It's clear that Lucid Group (LCID -6.29%) stock has plenty of long-term potential. Its market cap is less than $10 billion, while more mature players like Tesla enjoy a market cap more than $1 trillion. To be sure, there's still a long way to go for Lucid to compare with the likes of Tesla. But the company delivered 71% more vehicles last quarter than the year before (while Tesla's deliveries were little changed in the period). That follows a 90% jump from the previous quarter. If this pace continues, Lucid could become a household name in the years to come.
But does all this promise mean long-term investors have profited? You may be surprised by the numbers below.
Lucid Group investors are probably shocked by this outcome
In 2021, several electric car stocks went public to great fanfare, raising billions of dollars at premium valuations. While those companies have reporting rising sales since 2021, that hasn't translated into shareholder gains.
Despite Lucid boosting its sales by 16,300% since 2021, patient investors have lost roughly 89% of their initial investment. A $50 bet would now be worth about $5.
Why the disconnect between sales growth and stock performance? The issue isn't necessarily tied to Lucid or its performance, but with the market itself. Since 2021, the price-to-sales multiple for Lucid has slipped by more than 99%. So while sales are growing quickly, they haven't grown quickly enough to offset the market's tempered expectations for Lucid's long-term future.

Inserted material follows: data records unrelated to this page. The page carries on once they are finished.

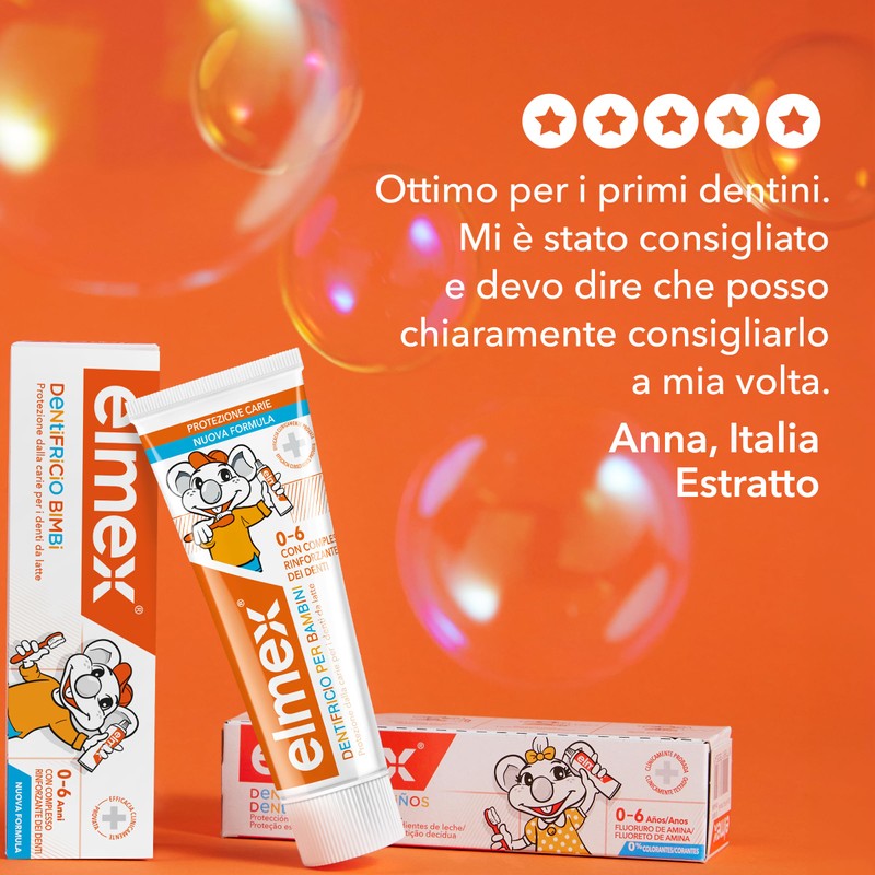 - Elmex Zahnpasta speziell entwickelt für Milchzähne von Kindern im Alter von 0 bis 6 Jahren
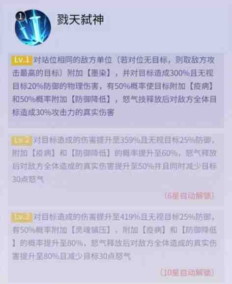 罗睺属于游戏中的魔族战士,具有的变身能力(nengli)在战斗内容中相当有优势。第一个技能可以给站位相同的敌方单位附加墨染效果,并对目标造(zao)成高额伤害,且无视部分防御,还有几率使目标附加疫病和防御降低。在怒气技能释放后,敌方全体目标都会受到一次真实伤害。给对方附加的墨染可降低命中率,同时接下来会荿潙罗睺优先攻击目标。
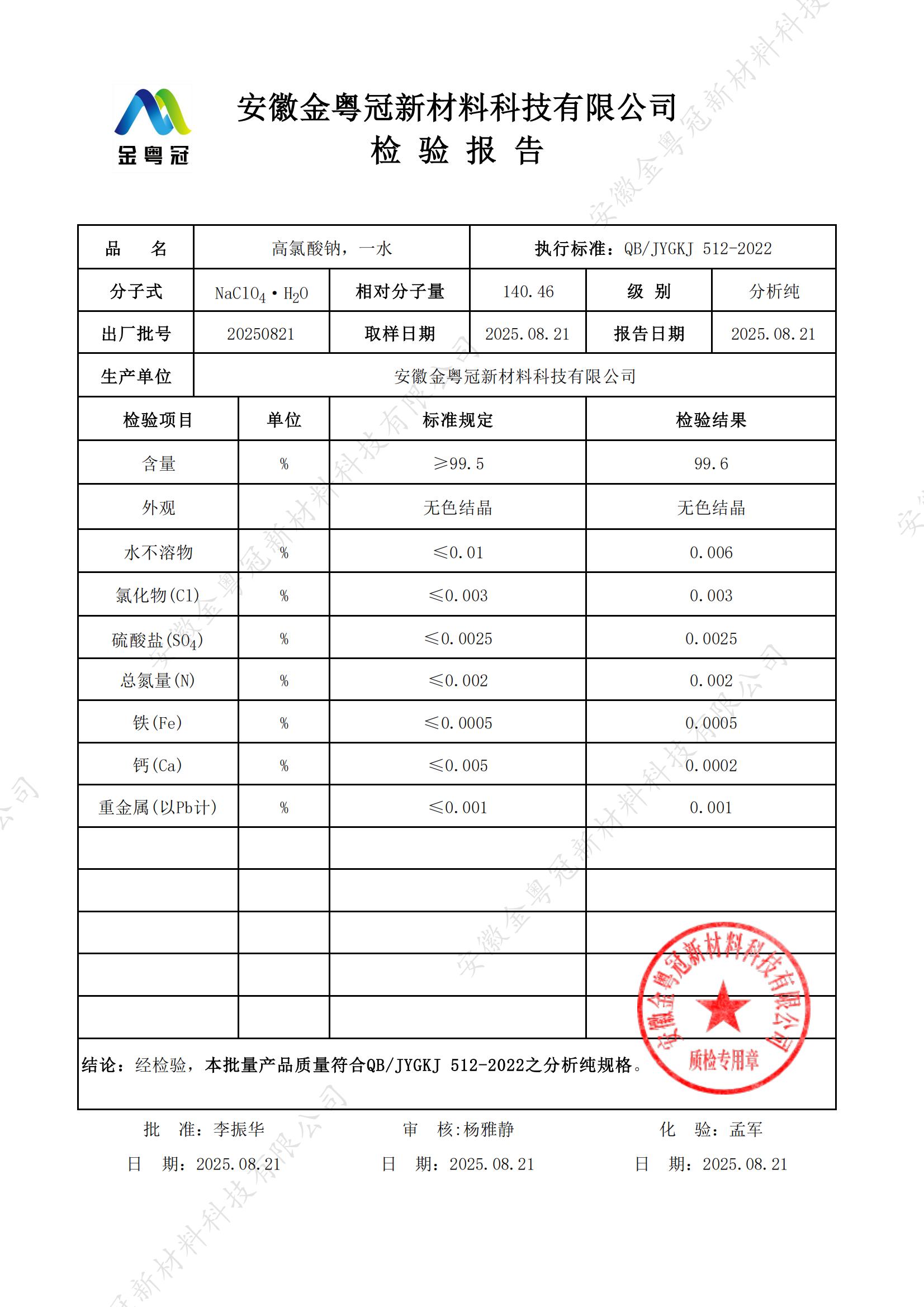 高氯酸钠(NaClO₄)是一种强氧化性无机盐,白色结晶粉末或颗粒,易溶于水和有机溶剂。作为高氯酸系列中的重要化合物,兼具氧化剂的强效性和相对稳定性,在军工、航天推进剂和化学合成领域具有关键应用价值。其水溶液呈中性,无水物有吸湿性。
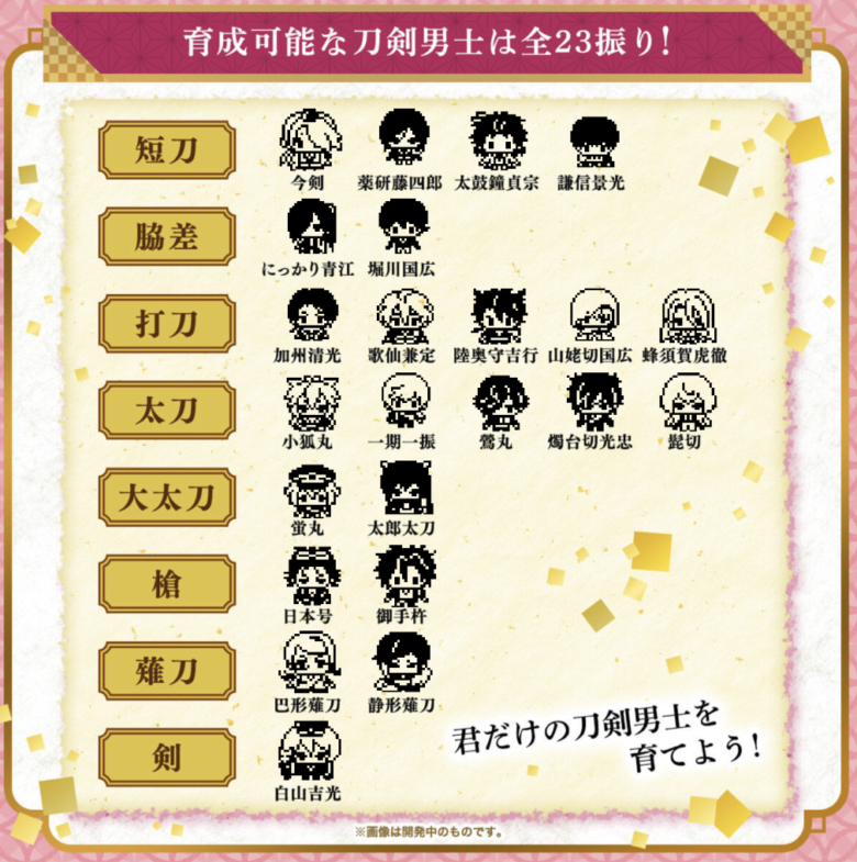 刀剣乱舞のたまごっち『とうらぶっち』の刀剣男士一覧
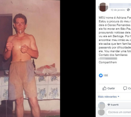 Pouco tempo depois da postagem, Adriane recebeu a mensagem de um senhor que morava próximo ao local de trabalho do irmão. "Era muito difícil não saber se ele estava vivo, ou se estava passando alguma necessidade", relata.
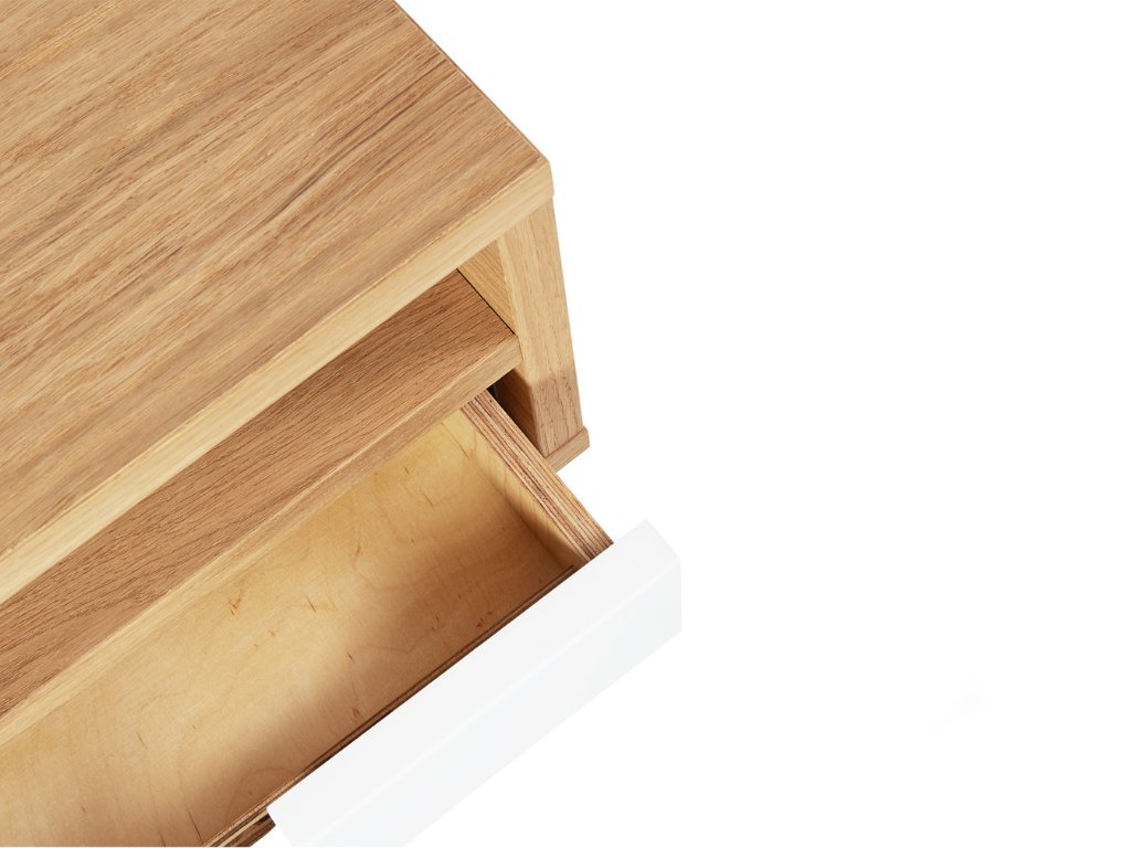 | Materiál 1. varianty: | korpus nábytku a nohy jsou vyrobené z masivního dubového dřeva, polomatné čelo zásuvky z lakované MDF desky |
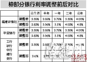 榕银行全线上调存款利率上限 国有银行上调幅度一致
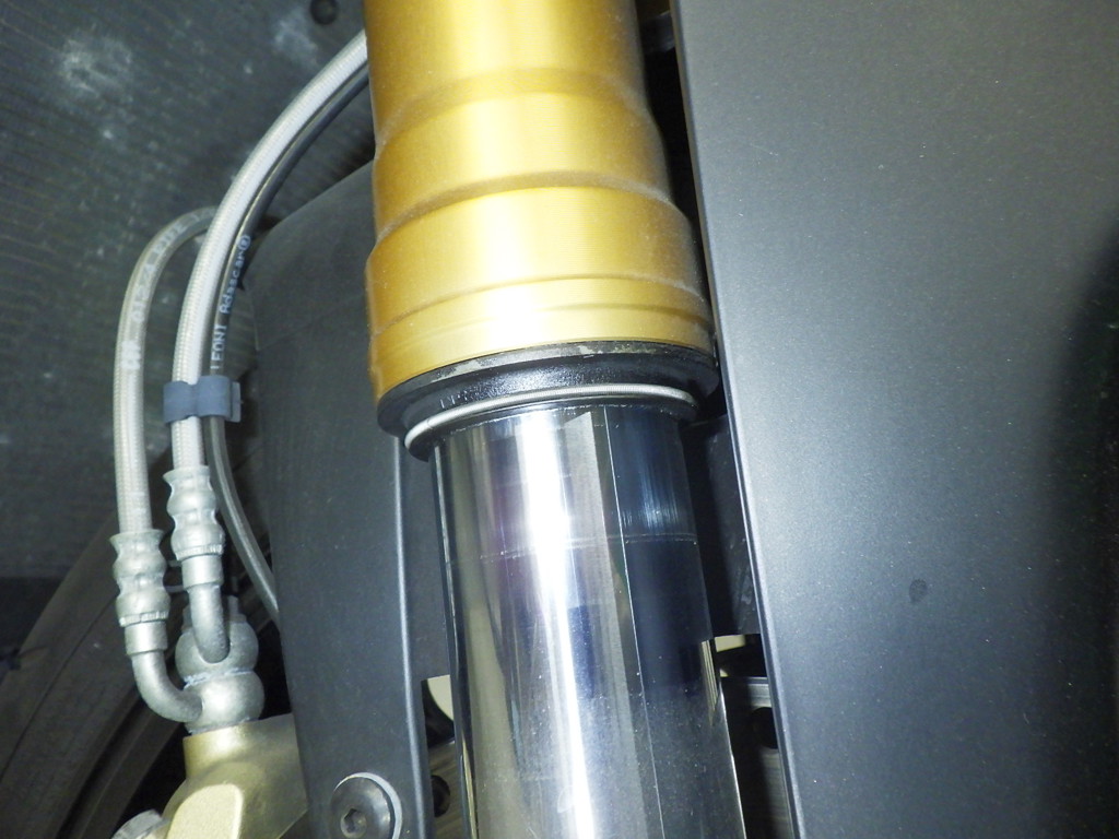 | внешняя часть вилки | потек масла |
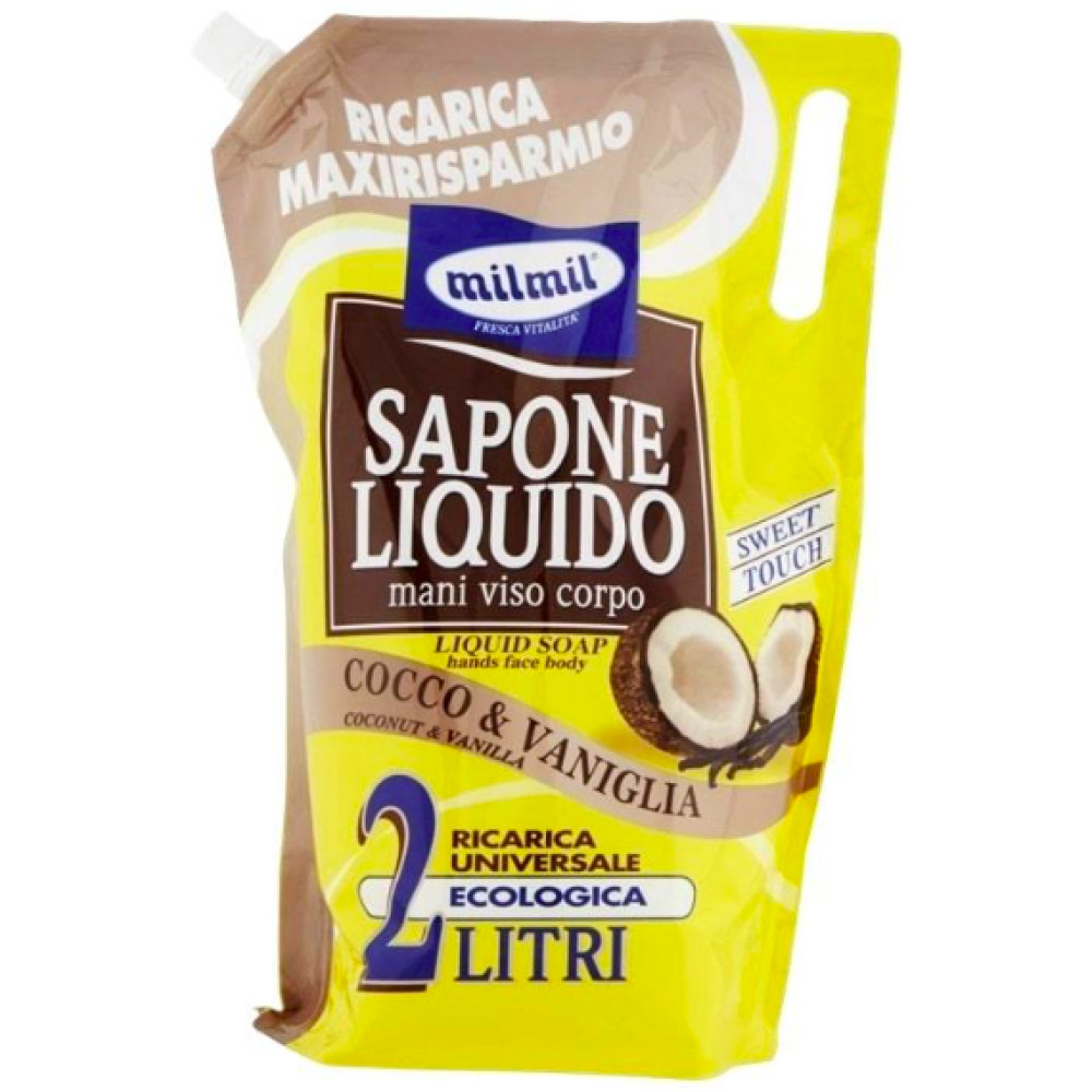 Перегляд Товару: Рідке мило для гігієни MilMil Sapone Liquido Cocco Vaniglia Maxi Refill Bag делікатне Кокос та Ваніль Макс 2000мл
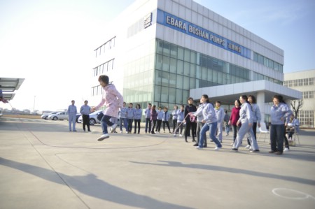 在踢毽子比賽現(xiàn)場,只見毽子上下翻飛,隊員們不急不慢,沉著應對。在跳繩比賽現(xiàn)場,繩子在隊員手中有節(jié)奏的搖著,每個人和著自己的節(jié)奏,有的跳的輕快、有的越著急越絆腳,周圍看的員工也跟著著急。最吸引人的還是集體項目“跳長繩”,每個隊8名隊員,2人搖繩,其余6名隊員魚貫從跳繩中穿過,然后再從另一邊跳入,隊員們配合默契、身輕如燕 ,觀眾們加油聲此起彼伏,整個現(xiàn)場一片歡樂。最終,獲得踢毽子比賽前三名分別是:牛艷春、鹿子云、焦金玲。獲得跳繩比賽前三名分別是:張洪蘭、王陽、王春;跳長繩比賽的第一名是生產分會。
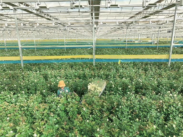 与会代表被新区现代农业示范园温室的鲜花吸引驻足。
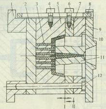 图1所示为定模设有顶出装置的注射模(图中:1-模脚,2-动模垫板,3-成型镶块,4-螺钉,5-动模,6-螺钉,7-脱模板,8-拉板,9-定模板,10-定模底板,11-型芯,12-导柱),在定模一侧设有脱模板7,开模时由设在动模侧的拉板8带动,将塑件从定模型芯11上强制脱下。
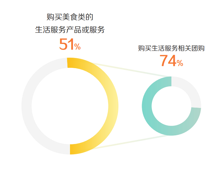 首先对于餐饮行业,该《报告》指出数字化生活已成趋势,用户养成线上购买团购再进行线下消费的习惯。数据显示,有51%的用户表示“平常会购买美食类的生活服务产品或服务”,在这些用户中,则有74%的人平时有购买生活服务团购的习惯。
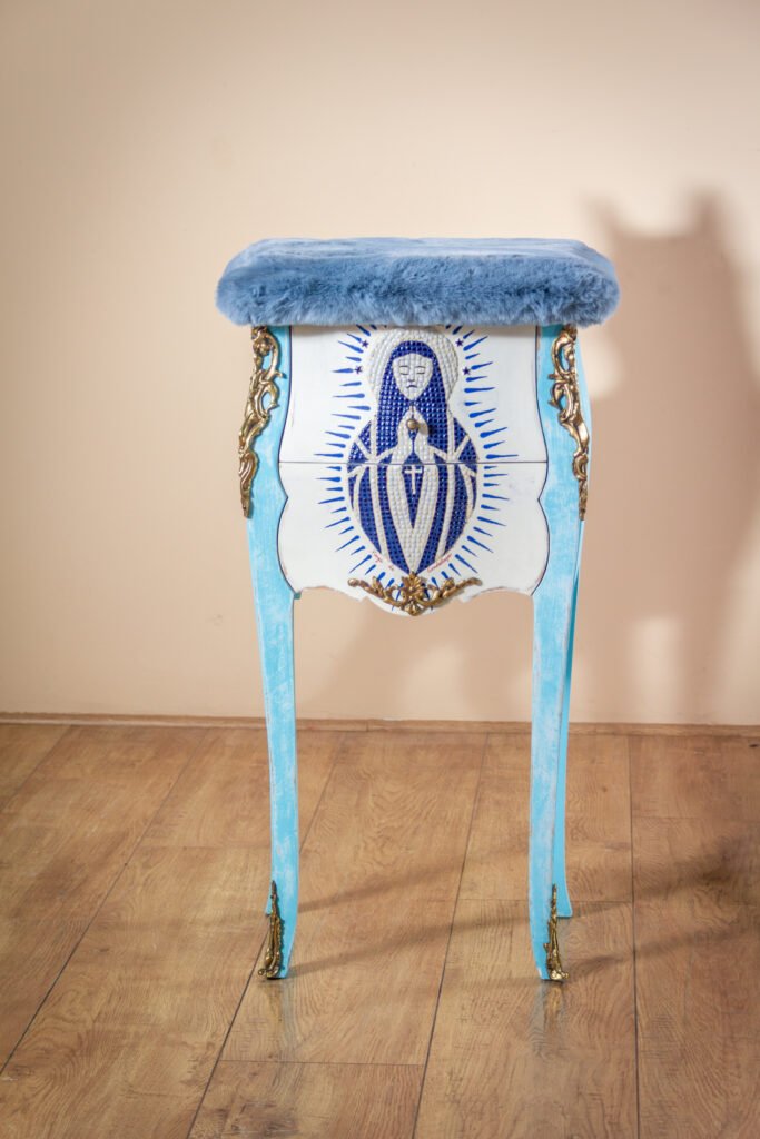 Entre mobilier revisité, mosaïque artistique et sculpture contemporaine, chaque œuvre possède son identité propre et ne fait l’objet d’aucune reproduction.
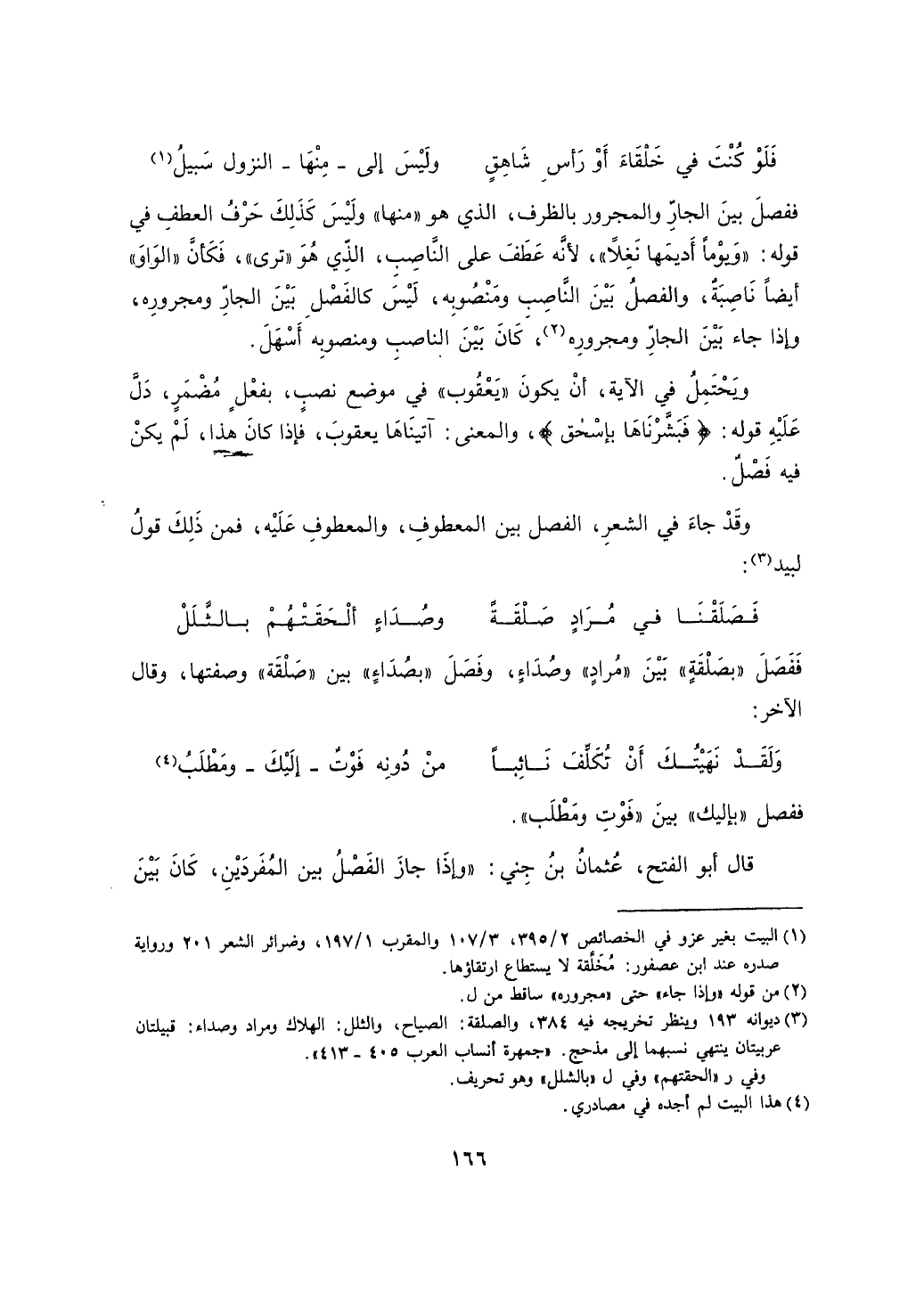 قال أبو الفتح، عثمان بن جني: "وإذا جاز الفصل بين المفردين، كان بين
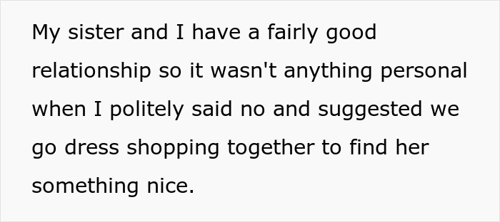 The OP also explained that she has a very good relationship with her sister, but, despite that, she didn’t want to lend her the wedding dress. She instead offered to go dress shopping so that they could bond over that. But this did not seem to pacify the sister, who kept demanding to borrow the dress.
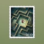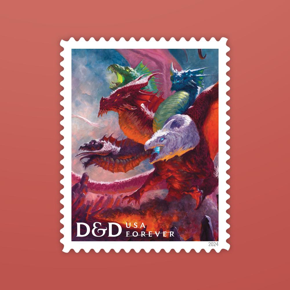 10 Forever stamps issued for the 50th anniversary of Dungeons & Dragons. They picture 10 different designs showcasing characters, creatures, and encounters from Dungeons & Dragons. The selvage of the pane of 20 pictures a party of adventurers fighting a dragon, a gold 20-sided die (d20), and an example of a Dungeons & Dragons map.

Although Lucid as a business continues to execute well, the market simply had priced too much hype into the stock. And as Warren Buffett advises, investment returns are ultimately a reflection of the price you pay. In 2021, investors were simply paying too much for Lucid stock. That was true for many climate related securities.
With the stock now trading at a deep discount compared to its past, perhaps new Lucid investors will fare better than their predecessors. But it's a good reminder of the importance of valuation.